A federal magistrate judge ordered Apple to create special software to bypass security features on an iPhone 5C used by San Bernardino terrorist Syed Rizwan Farook, triggering the most public battle over encryption in U.S. history. The FBI sought to unlock the device after the December 2015 attack that killed 14 people, but Apple’s iOS 8 encryption made the phone inaccessible even to the company itself.

The court order, issued under the All Writs Act of 1789, demanded that Apple create a custom version of iOS that would disable three key security features: the auto-erase function that wipes data after 10 failed passcode attempts, the mandatory delays between passcode entries, and the requirement that passcodes be entered manually rather than electronically. This would allow the FBI to use brute-force attacks to guess the passcode without destroying the evidence.

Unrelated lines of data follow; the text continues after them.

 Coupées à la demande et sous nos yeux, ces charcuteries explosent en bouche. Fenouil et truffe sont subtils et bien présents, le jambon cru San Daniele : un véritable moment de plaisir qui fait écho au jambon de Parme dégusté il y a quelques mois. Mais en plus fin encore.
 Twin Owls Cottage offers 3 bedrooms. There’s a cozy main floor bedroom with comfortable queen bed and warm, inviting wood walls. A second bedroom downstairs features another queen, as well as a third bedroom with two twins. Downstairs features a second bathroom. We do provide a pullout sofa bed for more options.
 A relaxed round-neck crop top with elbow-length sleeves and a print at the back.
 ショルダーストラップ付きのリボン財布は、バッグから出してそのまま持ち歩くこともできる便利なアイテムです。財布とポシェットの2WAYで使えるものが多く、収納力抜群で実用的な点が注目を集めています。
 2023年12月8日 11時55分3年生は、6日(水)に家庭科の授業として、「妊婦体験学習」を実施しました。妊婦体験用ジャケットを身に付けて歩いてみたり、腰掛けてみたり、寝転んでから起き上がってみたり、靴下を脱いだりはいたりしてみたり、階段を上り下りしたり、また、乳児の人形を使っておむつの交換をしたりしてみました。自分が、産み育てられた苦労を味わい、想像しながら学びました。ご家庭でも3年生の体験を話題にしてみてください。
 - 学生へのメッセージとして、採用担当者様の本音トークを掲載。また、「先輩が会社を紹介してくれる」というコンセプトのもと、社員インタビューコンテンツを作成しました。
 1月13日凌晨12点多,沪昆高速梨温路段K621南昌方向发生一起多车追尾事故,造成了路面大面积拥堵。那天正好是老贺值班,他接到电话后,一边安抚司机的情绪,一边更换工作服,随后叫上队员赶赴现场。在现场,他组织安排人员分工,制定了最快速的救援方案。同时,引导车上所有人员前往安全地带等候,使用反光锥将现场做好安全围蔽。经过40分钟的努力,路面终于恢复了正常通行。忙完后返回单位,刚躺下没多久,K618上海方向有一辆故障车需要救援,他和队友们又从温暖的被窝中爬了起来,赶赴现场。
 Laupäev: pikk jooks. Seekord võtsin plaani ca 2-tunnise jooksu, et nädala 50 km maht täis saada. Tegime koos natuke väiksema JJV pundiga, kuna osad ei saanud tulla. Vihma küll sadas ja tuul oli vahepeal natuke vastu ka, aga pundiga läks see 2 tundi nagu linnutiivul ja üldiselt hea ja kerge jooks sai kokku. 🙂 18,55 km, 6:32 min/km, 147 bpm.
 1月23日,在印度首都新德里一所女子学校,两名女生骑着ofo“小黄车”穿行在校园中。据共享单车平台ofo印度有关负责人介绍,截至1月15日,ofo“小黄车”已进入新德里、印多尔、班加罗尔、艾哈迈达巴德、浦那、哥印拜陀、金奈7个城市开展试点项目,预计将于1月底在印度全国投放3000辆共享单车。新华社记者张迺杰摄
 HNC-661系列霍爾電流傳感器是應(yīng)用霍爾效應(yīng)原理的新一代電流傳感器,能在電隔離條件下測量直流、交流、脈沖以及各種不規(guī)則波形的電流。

Apple CEO Tim Cook refused the order in a public letter, arguing that creating such software would effectively create a “master key” that could compromise the security of hundreds of millions of iPhones worldwide. Cook stated: “The government is asking Apple to hack our own users and undermine decades of security advancements that protect our customers.” Apple’s legal team argued the order violated the company’s First Amendment rights by compelling it to write code, and that such a backdoor would inevitably be exploited by criminals and authoritarian governments.

The case drew intense public attention and divided opinion. Privacy advocates, tech companies, and security experts rallied behind Apple, warning that weakening encryption for one case would create systemic vulnerabilities. Law enforcement argued that Apple was placing corporate interests above public safety and creating “warrant-proof” spaces for criminals. The dispute represented a fundamental clash between competing values: the government’s need to investigate crimes versus individuals’ rights to privacy and security in an increasingly digital world.

In late March 2016, the FBI withdrew its request after announcing it had employed a third party (later revealed to be the Israeli security firm Cellebrite) to unlock the phone, avoiding a legal precedent. However, the battle established encryption as a central political issue and demonstrated that some tech companies would resist government surveillance demands even under intense political and legal pressure, marking a significant shift from the PRISM era when companies quietly complied with secret surveillance orders.